Op-Ed

The Bill Gates Discourse

The Bill Gates Discourse
  • PublishedMarch 30, 2018

Intellectual honesty is important, this is why it is important to state that the philanthropist and entrepreneur, Bill Gates in no way attacked the economic policies of the federal government. What he did was to have made a cautionary observation about balanced and sustainable development. This is old hat really, the debate has been ongoing since the 1960 sixties about development models and the critical issue of “growth without development “.

This is also an issue in the State of Osun. The Aregbesola government has incontrovertibly made path-breaking forward gains in constructing the built environment. The physical infrastructures will attract investments which will generate employment, widen the tax base and lead to sustainable development. In the light of the ongoing interpretation of what Bill Gates said, it has to be pointed out that from the onset, Aregbesola has, as it were, rhymed the hardware with the software. The advance thrust in the physical infrastructure has gone hand-in-glove with investments in human capital development. 

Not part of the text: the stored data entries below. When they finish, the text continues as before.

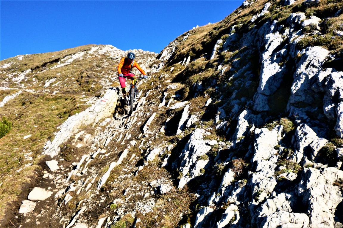 Der Trail von der Hütte führt zum größten Teil auf nicht verfestigten grobsteinigem Untergrund im Schwierigkeitsgrad S2/G2 mit mehreren S3/G2 Passagen hinunter zum Schartlehnerhaus. Von dort weiter führt der Trail durchgehend auf verfestigtem Waldboden mit mehreren Fels/Wurzelstufen und vielen Spitzkehren hinunter nach Reith. Der Schwierigkeitsgrad liegt Großteils bei S2 mit ein paar S3 Spitzkehren und einer S4/G3 Passage.
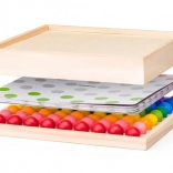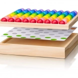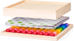Zestaw zawiera warstwowe karty z kolorowymi kropkami odpowiadającymi barwom kulek. Dzieci łatwo układają według nich obrazki, trenując precyzję i koncentrację.
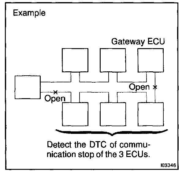 c. If 2 communication buses are open at the position as shown in the illustration, DTC of ECU communication stop between those 2 buses is output.
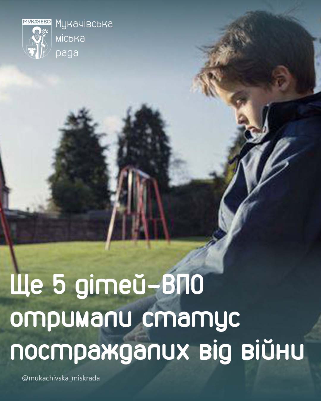 П’ятеро дітей отримали статус постраждалих від війни. Відповідне рішення ухвалили на засіданні виконавчого комітету, що відбулося 8 липня. Це діти з числа внутрішньо переміщених осіб, які приїхали до Мукачева з регіонів, що постраждали від бойових дій внаслідок військової агресії рф.
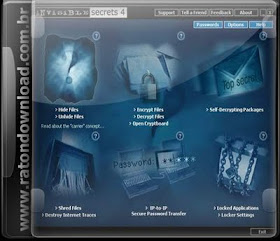 O programa encripta e esconde seus arquivos diretamente do Windows Explorer e envia-os se quiser para o seu programa de e-mail.
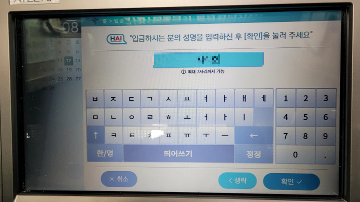 이제 다 왔습니다. 마지막으로 입금자의 이름을 입력하면...
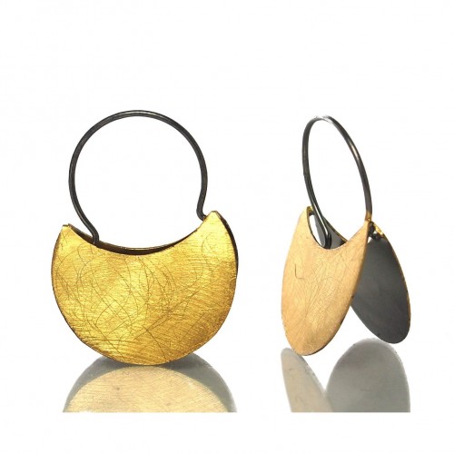 Gold Vermeil over Sterling Silver Two Toned “Fulani Style” Brushed Earrings
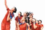圖為中國(guó)女排球員與大冠軍杯獎(jiǎng)杯合影。

An often cited example is the free school meals program involving over 200,000 school pupils, which has increased enrolment in the schools, provided nutritional value and upliftment and crucially lifted agricultural production, thereby elevating leaving standards in the rural economy. This is an excellent demonstration of all encompassing sustainable development. 

Across the board in the State of Osun, human capital development has matched the development of the physical infrastructure. Access to primary health care for example has widened and so has the structured investments in that and allied sectors. The widely acknowledged social intervention programmes of the state government like the OYES, O’Ambulance, OREAP, O’Clean and Agba Osun among others have been solid investments in human capital development. Like the free school meals programmes, the social intervention thrusts of the Aregbesola government have become the framework for similar federal government intervention programmes, proving yet again that imitation is the sincerest form of flattery.

We therefore commend the example set in the State of Osun where the Bill Gates question was anticipated and the puzzle readily unravelled.